Réception radio en 3G et diffusion sur Airport en Wifi ??


----------



## Jingle (17 Février 2011)

Non, j'ai un iphone, je viens de refaire le test en désactivant 3g et edge et cela marche toujours.


----------



## FLA69LP (17 Février 2011)

Jingle a dit:


> Non, j'ai un iphone, je viens de refaire le test en désactivant 3g et edge et cela marche toujours.


 
Alors je ne comprend pas 
Comment recevoir la radio via liveradio sur ton iphone si tu as désactivé 3G et edge ??
A moins que tu la reçoives en wifi de ta box, mais comment tu diffuses sur Airport par le même réseau wifi ??
As-tu connecté ta borne Airport sur ta box via cordon ethernet? (La mienne non )


----------



## Jingle (17 Février 2011)

Tout passe par le Wifi.
Mon iphone est connecté en wifi à ma box.

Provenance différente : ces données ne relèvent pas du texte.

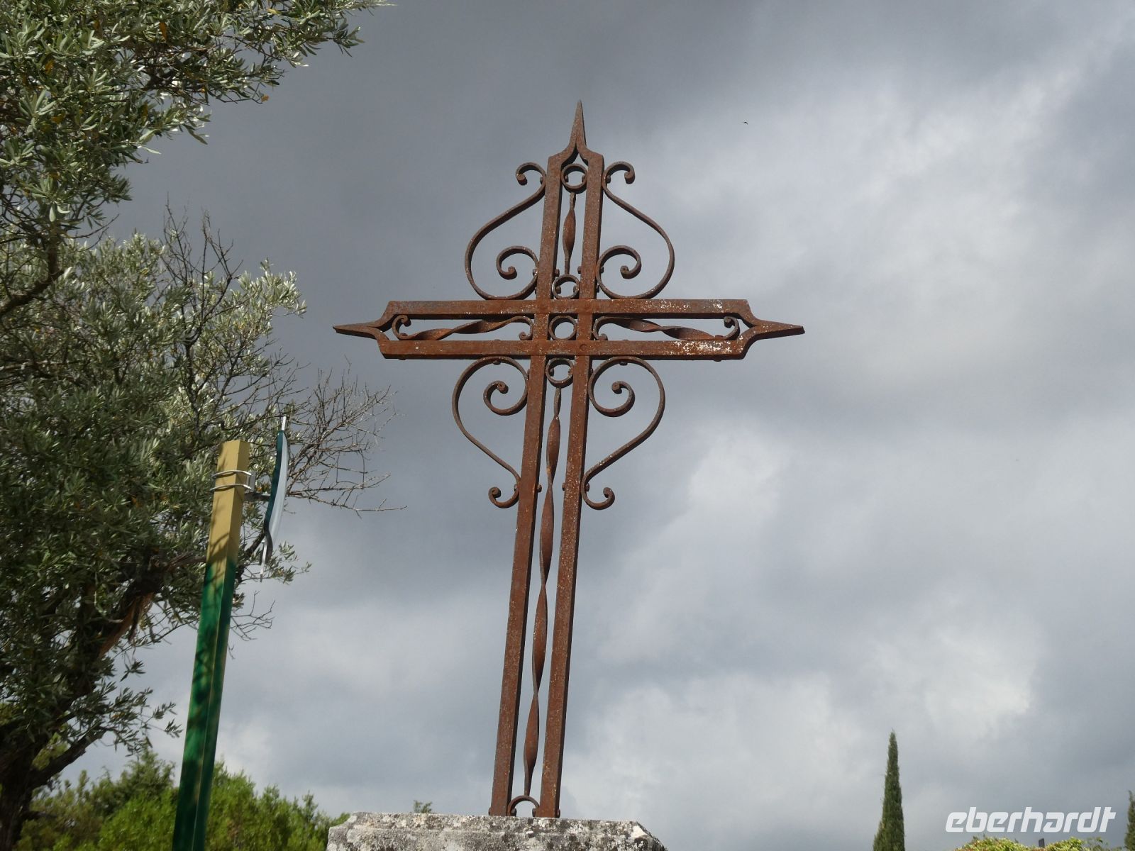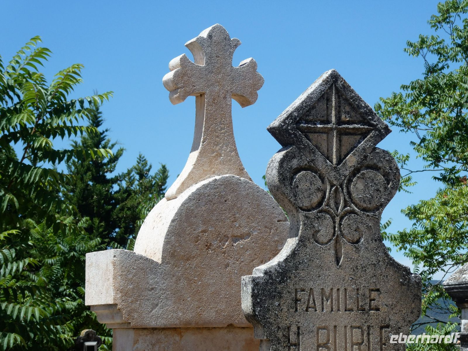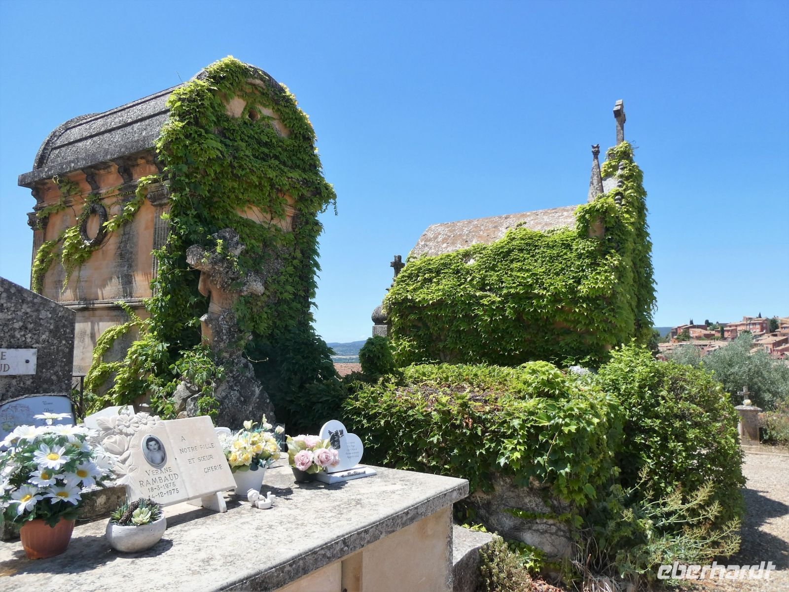 Das Örtchen "Roussillon" hat einen idyllischen Friedhof auf dem sich alte Grabsteine und Familiengräber befinden, ein Ort wie im Bilderbuch. Der Ort lebt heute vom Tourismus, von den Besuchern der "Ockersteinbrüche" und des sog. "Lehrpfades" es gibt aber auch zahlreiche Kunstgalerien die Werke schon bekannter Künstler zu angemessenen Preisen verkaufen. Das geht aber doch dann über das normale Reisebudget hinaus. Allerdings wecken einige der Kunstwerke schon Begehrlichkeiten. Schönheit und echte Kunst hat eben heute ihren Preis und so beschränken wir uns auf Schauen und das eine oder andere kleine Souvenir. Dann lernen wir noch eine andere Seite einer französischen Realität kennen: Unser Bus darf am Parkplatz wo er uns einsteigen lässt, nicht abfahren, da er zu genau dieser Zeit mit parkenden Elternautos besetzt ist, die ihre Kinder von der Schule abholen. Wir werden vom ansässigen Gendarmen genau beobachtet. Also bleiben wir noch 15 Minuten auf die es jetzt auch nicht mehr ankommt. Dann ist auf einmal alles leer und wir dürfen wegfahren!

Ma borne airport est connectée en ethernet à ma box. Voila mon installation.


----------



## FLA69LP (17 Février 2011)

Jingle a dit:


> Ma borne airport est connectée en ethernet à ma box. Voila mon installation.


 
Voilà la diff avec moi 
Je vais donc connecter ma borne à ma box et je ferai l'essai avec l'ipad 
Le paramétrage Airport/box en éthernet est-il compliqué ??


----------



## Jingle (17 Février 2011)

Pas plus que cela


----------